Meu dito, meu feito. Estava o cordão formado, quando o do topo, estafado de aguentar com tanto peso, disse aos outros:
– Esperade aí, compañeros. Vou cuspinhar nas mãos que já me começam a esticar e a doer.
Desligou-se do bordo da ponte e caíram todos ao rio, chape, chuuu. Lá conseguiram sair, depois de muito batalhar estenderam-se no areal a secar ao pouco sol que restava da tarde. Estava frio e, como se aproximava a noite, foram à cabana de um pescador e pediram-lhe um agasalho, fosse o que fosse, para dormirem ali perto, debaixo de um salgueiro. O pescador, que sim-senhor e mais que também, emprestou-lhes uma rede de pescar, já velha e esfiapada. Agradeceram muito e lá foram à soneca.
Que frio fai lá fora
Aquela noite ficou na história do Douro como das mais frias de que há memória. Os homens regelaram até ficarem inteiriçados. Um deles, a certa altura, meteu o dedo num buraco da rede e cantarolou:
– Que frio fai lá fora!
Os restantes, idem, aspas, e começaram a encostar-se uns aos outros, à procura de alguma quentura que por ali andasse perdida. Ouviam-se então ruídos, como se foram de castanholas. Os próprios sonhos ficaram encodados. De manhã, mal acordaram aos primeiros raios de sol, queriam erguer-se, mas não podiam. E, quando iam para falar, a água não corria. Até que o pescador passou pelo sítio e um deles, a quem a luz tinha conseguido entrar na boca, lá se fez entender:
– Ó meu senhor, faça a esmolinha de me dizer quais são as minhas pernas, pois quero-me levantar e não acerto com elas.
O pescador, que ia com um fueiro na mão, não teve outro remédio senão malhar a bom malhar nas pernas do suplicante.
– Vós também quereis?
– Se faz favor.
– Estas são as minhas pernas. Muito obrigado, patrón – gaitou o primeiro.
– E estas as minhas. E estas as minhas.
Repetiam-se uns aos outros, como se estivessem a ser desembrulhados. O pescador ria-se a bom rir, enquanto eles iam arribando, tem-te-não-caias. E. depois de codearem, foram-se dali à procura de trabalho que não custou a arranjar, pois eram sãos como peros e tinham boa cara. Etc.,etc., até que chegou o Verão e o trabalho começou a escassear. Continuavam unidos, porém. Para o que desse e viesse.
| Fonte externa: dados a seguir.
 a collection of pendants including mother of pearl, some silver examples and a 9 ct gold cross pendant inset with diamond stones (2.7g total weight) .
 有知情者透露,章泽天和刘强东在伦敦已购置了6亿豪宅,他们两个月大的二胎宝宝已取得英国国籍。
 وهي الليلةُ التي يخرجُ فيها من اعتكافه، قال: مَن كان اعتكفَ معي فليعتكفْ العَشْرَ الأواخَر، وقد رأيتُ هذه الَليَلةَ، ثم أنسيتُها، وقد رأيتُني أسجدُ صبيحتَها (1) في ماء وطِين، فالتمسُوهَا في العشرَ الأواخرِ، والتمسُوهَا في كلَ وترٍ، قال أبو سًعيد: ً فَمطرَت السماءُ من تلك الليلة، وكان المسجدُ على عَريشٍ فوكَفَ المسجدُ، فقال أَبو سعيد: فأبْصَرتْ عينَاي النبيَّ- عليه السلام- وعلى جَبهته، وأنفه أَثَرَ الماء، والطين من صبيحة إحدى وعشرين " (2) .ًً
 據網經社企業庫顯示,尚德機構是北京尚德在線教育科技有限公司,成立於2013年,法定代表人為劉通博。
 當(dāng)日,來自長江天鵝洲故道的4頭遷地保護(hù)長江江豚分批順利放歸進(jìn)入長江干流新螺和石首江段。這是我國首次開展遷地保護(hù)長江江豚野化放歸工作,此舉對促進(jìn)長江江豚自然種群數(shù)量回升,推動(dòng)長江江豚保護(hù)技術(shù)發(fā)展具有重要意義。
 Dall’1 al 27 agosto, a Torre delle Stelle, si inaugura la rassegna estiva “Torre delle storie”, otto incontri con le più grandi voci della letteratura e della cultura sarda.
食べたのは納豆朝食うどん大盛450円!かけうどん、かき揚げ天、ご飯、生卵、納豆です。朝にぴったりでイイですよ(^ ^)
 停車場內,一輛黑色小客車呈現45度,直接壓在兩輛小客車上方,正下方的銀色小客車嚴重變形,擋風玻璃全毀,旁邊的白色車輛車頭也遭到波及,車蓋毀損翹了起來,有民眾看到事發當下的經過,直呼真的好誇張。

in Douro – Estudos e Documentos, Outubro 2004
António Cabral [1931-2007] foi um poeta, ficcionista, cronista, ensaísta, dramaturgo, etnógrafo e divulgador da cultura popular portuguesa.
Orlando Miranda
Sempre o Douro de quem lá nasceu e quem nele trabalhou, contado na sua linguagem mais popular, com o conhecimento profundo da sua antropologia.
Obrigado por mais este texto, próprio para ser contado à lareira que se aproxima.
Alzira Cabral
Como vai estimado amigo? Contei estas histórias ao meu neto. teria ele uns seis ou sete anos, que adorou. No dia seguinte, ao acordar, pediu-me que voltasse a contar aquela história muito burra.
Um abraço extensivo a toda a família.